Your copy should hold only the lines from the one containing "225)排名。中国共有34个" through the final line of the entries, exactly as written, with no pictures.

DATASET:
►

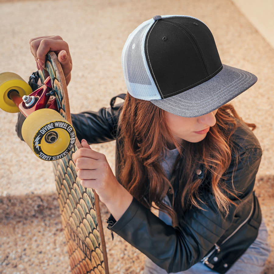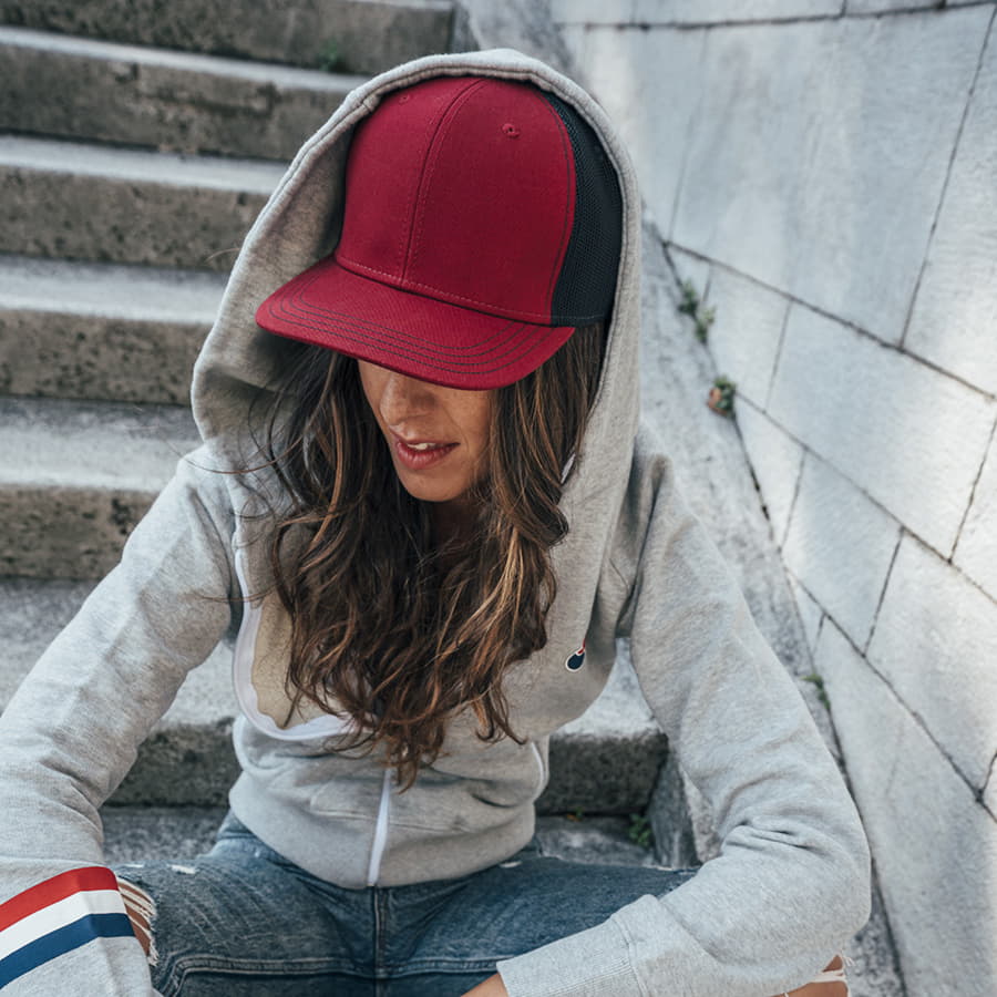 Контрастные строчки на козырьке и передних клиньях добавляют нотку уличного стиля, создавая повседневный и молодежный образ.
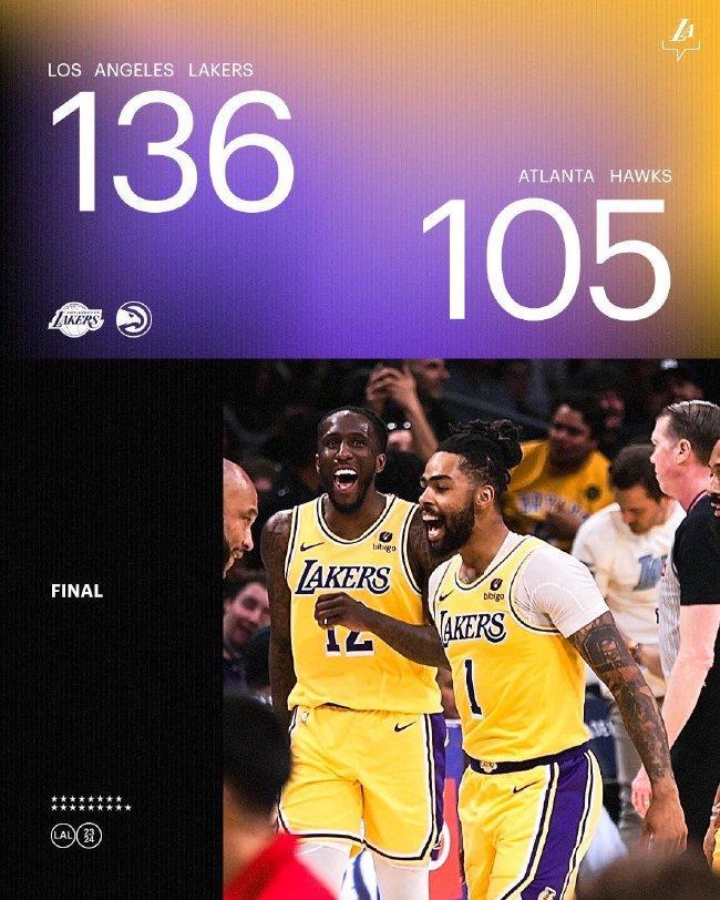 回到第9!詹姆斯25+7+10拉塞尔27+10!湖人大胜老鹰!
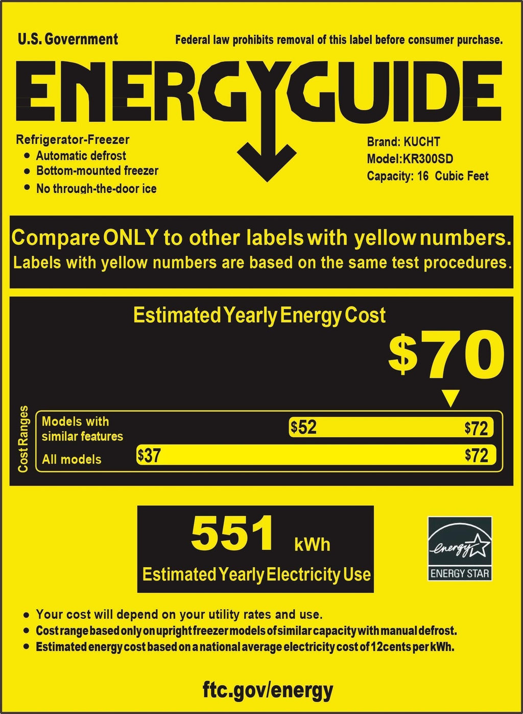 The Kucht KR300SD Refrigerator has a modern and sophisticated aesthetic with a new design of more robust doors. Inside, it is divided with glass shelves to optimize organization and storage. Its total storage capacity is 17 cu. ft.. The automatic defrost system makes it easy to clean the refrigerator.
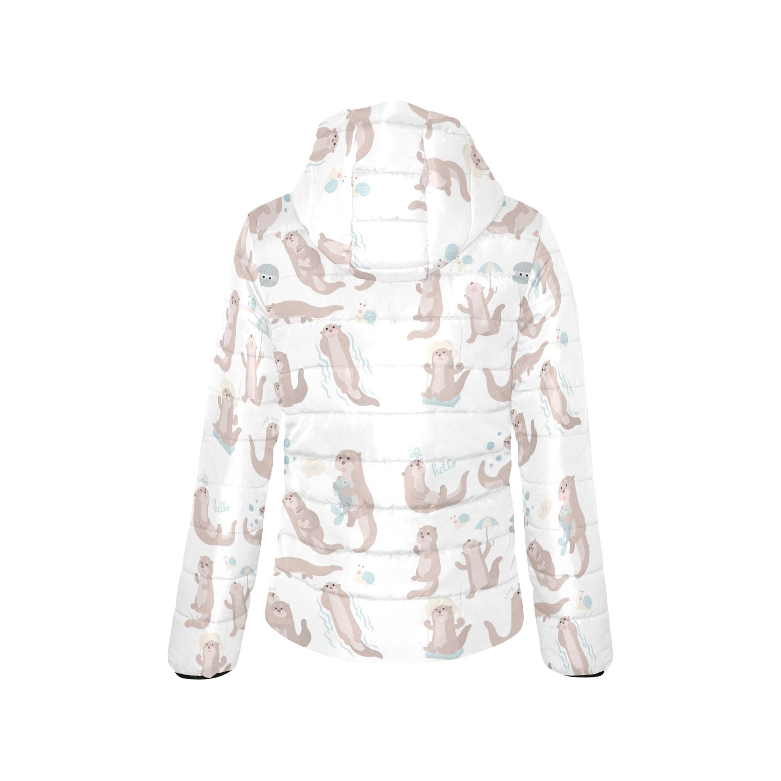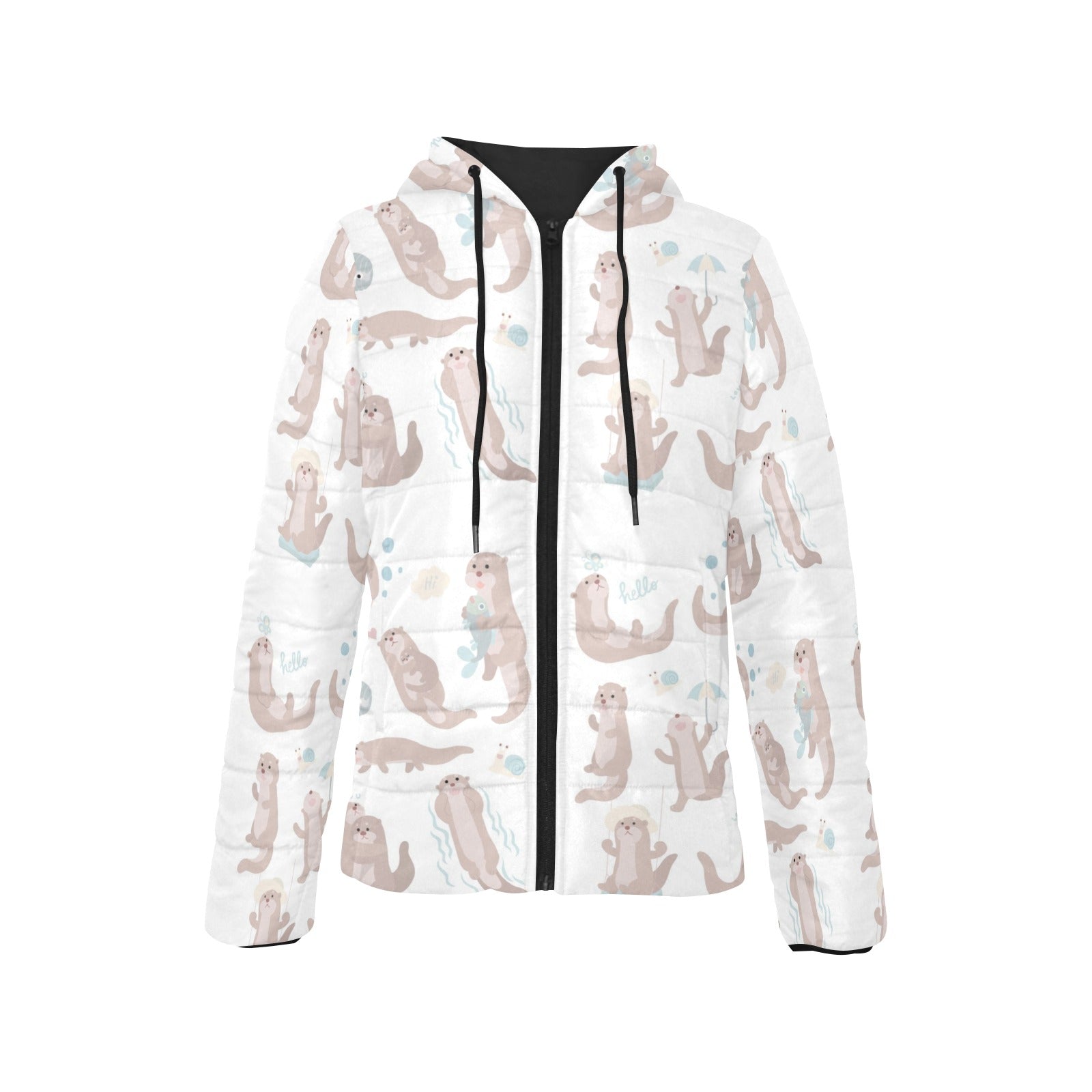 Cute sea otters pattern Women's Padded Hooded Jacket
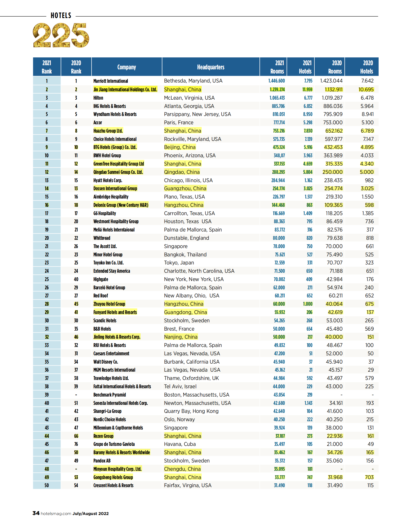 225)排名。中国共有34个酒店集团入围榜单,22个酒店集团相较2020年排名有所上升。
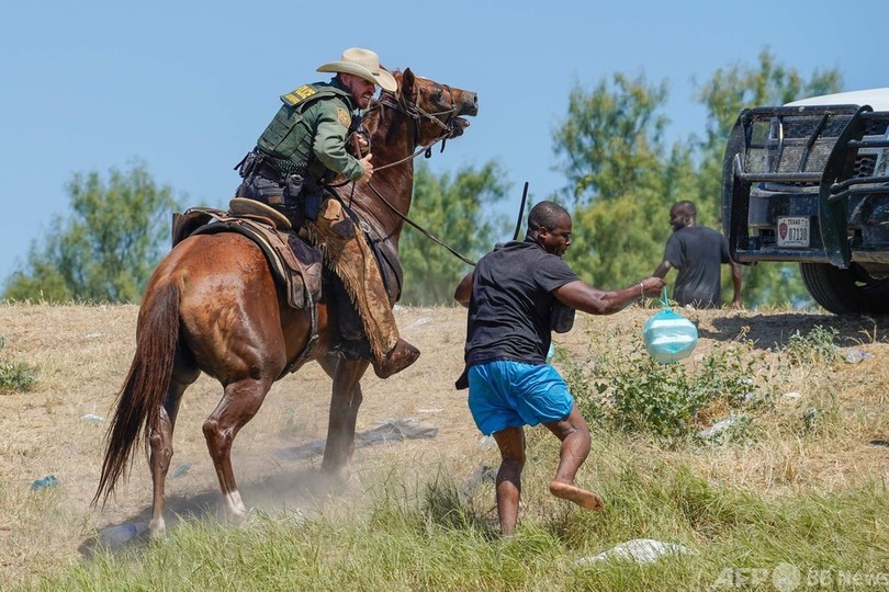 AFPのポール・レイチ(Paul Ratje)カメラマンが19日、テキサス州デルリオ(Del Rio)で撮影した一連の写真には、国境警備隊が馬の長い手綱を振って不法移民を威嚇し、国境を流れるリオグランデ(Rio Grande)川に押し戻しているように見える場面が写っている。

◄

THE ANSWER:
 225)排名。中国共有34个酒店集团入围榜单,22个酒店集团相较2020年排名有所上升。
 AFPのポール・レイチ(Paul Ratje)カメラマンが19日、テキサス州デルリオ(Del Rio)で撮影した一連の写真には、国境警備隊が馬の長い手綱を振って不法移民を威嚇し、国境を流れるリオグランデ(Rio Grande)川に押し戻しているように見える場面が写っている。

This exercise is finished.